April 2024

Lupus and Skin Diseases

kin disease is a very common symptom of systemic lupus erythematosus (SLE), or lupus. Rashes are often the first visible indication of the disease. Eighty per cent of lupus patients will develop some kind of skin manifestation throughout the course of their disease.

There are numerous rashes associated with lupus, but there are three main types:

  1. Acute Cutaneous Lupus Erythematosus (ACLE)
  2. Subacute Cutaneous Lupus Erythematosus (SCLE)
  3. Discoid Lupus Erythematosus (DLE), sometimes referred to as Chronic Cutaneous Lupus Erythematosus (CCLE).

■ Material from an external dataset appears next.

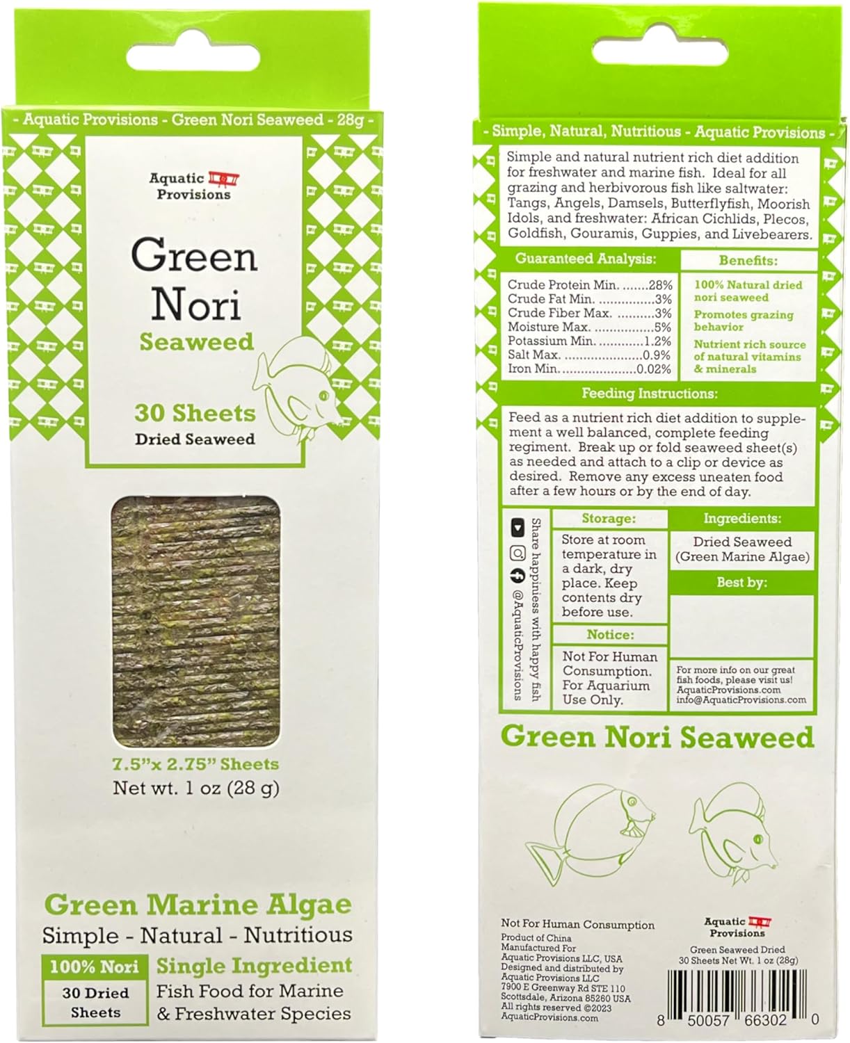 Green Seaweed, 30 Sheets, 1 oz, Dried Fish Food for Marine and Freshwater Aquarium Species

Acute Cutaneous Lupus Erythematosus (ACLE)

Also known as:

  • “Malar rash,” referring to the involvement of the upper cheeks.
  • “Butterfly rash,” referring to the unique butterfly-like shape. ACLE is the most common skin manifestation of lupus and is often referred to as the “lupus mask” due to its distinctive shape and the frequency with which it is seen in patients.

Characteristics of ACLE:

  • Symmetrical (uniform) appearance that covers both cheeks and the bridge of the nose.
  • In some cases, the neck and forehead are also affected.
  • Skin is red and swollen, similar to a sunburn.
  • The rash is persistent, as opposed to other skin changes that last only minutes or hours.

Causes and Long-term Effects:

The precise cause of ACLE is unknown. However, underlying lupus activity can trigger the rash. As is explained below, ACLE is photosensitive, meaning that exposure to ultraviolet (UV) light, including the sun, can trigger an outbreak. (Sun exposure can also trigger or worsen a general lupus flare.) An ACLE outbreak can last for weeks or longer but once the rash clears, there are usually no permanent effects.

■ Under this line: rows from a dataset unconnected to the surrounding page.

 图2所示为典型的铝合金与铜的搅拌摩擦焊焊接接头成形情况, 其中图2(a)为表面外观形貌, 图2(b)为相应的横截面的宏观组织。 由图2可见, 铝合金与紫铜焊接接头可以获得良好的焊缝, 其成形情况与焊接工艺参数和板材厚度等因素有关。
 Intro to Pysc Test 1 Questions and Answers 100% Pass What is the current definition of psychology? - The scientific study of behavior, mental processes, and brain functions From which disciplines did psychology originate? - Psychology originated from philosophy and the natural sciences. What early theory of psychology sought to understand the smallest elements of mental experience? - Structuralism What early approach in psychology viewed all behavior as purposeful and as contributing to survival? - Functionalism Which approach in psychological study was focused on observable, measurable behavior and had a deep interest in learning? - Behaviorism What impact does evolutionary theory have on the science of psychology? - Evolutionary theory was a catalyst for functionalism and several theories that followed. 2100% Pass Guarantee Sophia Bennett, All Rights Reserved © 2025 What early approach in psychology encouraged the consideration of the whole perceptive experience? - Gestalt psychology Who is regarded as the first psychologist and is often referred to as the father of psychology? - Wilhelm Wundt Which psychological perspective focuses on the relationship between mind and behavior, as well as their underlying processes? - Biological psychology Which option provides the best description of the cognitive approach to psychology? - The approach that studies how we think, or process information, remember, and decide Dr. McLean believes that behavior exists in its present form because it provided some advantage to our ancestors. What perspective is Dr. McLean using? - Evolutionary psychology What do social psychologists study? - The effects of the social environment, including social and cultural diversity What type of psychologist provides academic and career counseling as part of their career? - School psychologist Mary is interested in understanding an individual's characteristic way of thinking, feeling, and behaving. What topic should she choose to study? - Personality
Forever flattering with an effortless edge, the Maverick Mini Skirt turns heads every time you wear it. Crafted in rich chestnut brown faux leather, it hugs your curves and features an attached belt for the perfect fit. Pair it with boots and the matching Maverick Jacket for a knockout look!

Subacute Cutaneous Lupus Erythematosus (SCLE)

Characteristics of SCLE

  • Ring-shaped or disk-shaped patches of red, crusty skin.
  • Most often develops on skin that has been exposed to the sun or another form of ultraviolet light.

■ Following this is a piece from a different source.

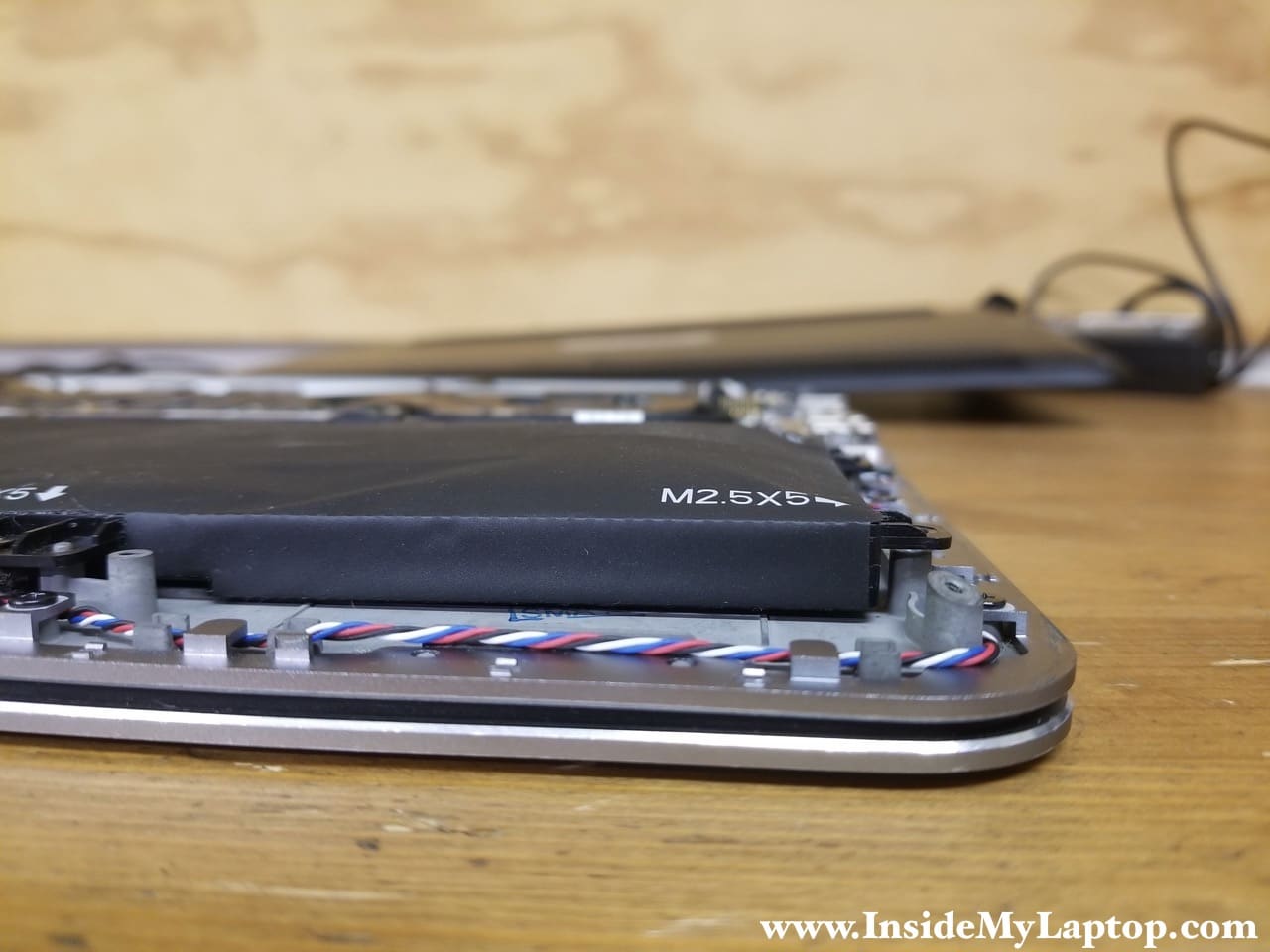 Lift up the battery, unplug the battery cable from the motherboard and remove it from the laptop.

Causes and Long-term Effects

As with most skin diseases associated with lupus, SCLE is photosensitive – it is triggered or worsened by ultraviolet (UV) light. Some patients experience SCLE lesions as a side effect of medications. This type of SCLE usually clears up once the patient stops taking the medication and traditional SCLE treatments with antimalarial medications and corticosteroids begin. Lesions usually heal without scarring, but some skin lightening or darkening can occur.

Discoid Lupus Erythematosus (DLE)

DLE is also known as Chronic Cutaneous Lupus Erythematosus (CCLE). Patients with DLE only develop skin disease and do not exhibit other symptoms associated with the disease, such as arthritis.

There are two types of DLE: localized DLE, in which the lesions are primarily located on the scalp and face, and generalized DLE, in which lesions can be located anywhere on the body.

Characteristics of DLE

  • Only affects the skin.
  • Disk or coin-shaped scaly lesions (similar to SCLE).
  • Generally found on the scalp and face, particularly the cheeks and nose.
  • Usually painless.

Causes and Long-term Effects

Research suggests that patients with DLE are more photosensitive than SLE patients. Because DLE lesions can lead to scarring, it is important for patients to minimize sun exposure whenever possible. If this scarring occurs on the scalp, it can damage hair follicles and lead to permanent hair loss. A small percentage of people with DLE (five to ten per cent), will go on to develop SLE. It is important to monitor DLE symptoms and discuss any changes with your health care provider. Every individual with lupus is different and the stimuli that cause a flare will differ from patient to patient. While some causes are common, (sunlight for example), others can be as varied as the individual. Medications, environmental factors and any other number of things can stimulate symptoms. By paying attention to their symptoms, lupus patients may be able to identify triggers and learn to avoid them.


Topical treatments, such as corticosteroid creams, applied directly to the affected skin are often effective, and may be the only treatment needed if rash is the only symptom. To treat persistent or aggressive rashes, corticosteroids can be injected directly into the skin. Anti-malarial medications (chloroquine [Aralen™], hydroxychloroquine [Plaquenil™]) are also highly effective in treating skin disease (see Fact Sheet on medications in lupus). Patients with systemic lupus and/or lupus of the skin should avoid direct sunlight and ultraviolet (UV) light whenever possible, and when going outdoors, they should take precautions against sun exposure, such as using sunscreen (sun protective factor [SPF] 30 or greater) and covering their skin.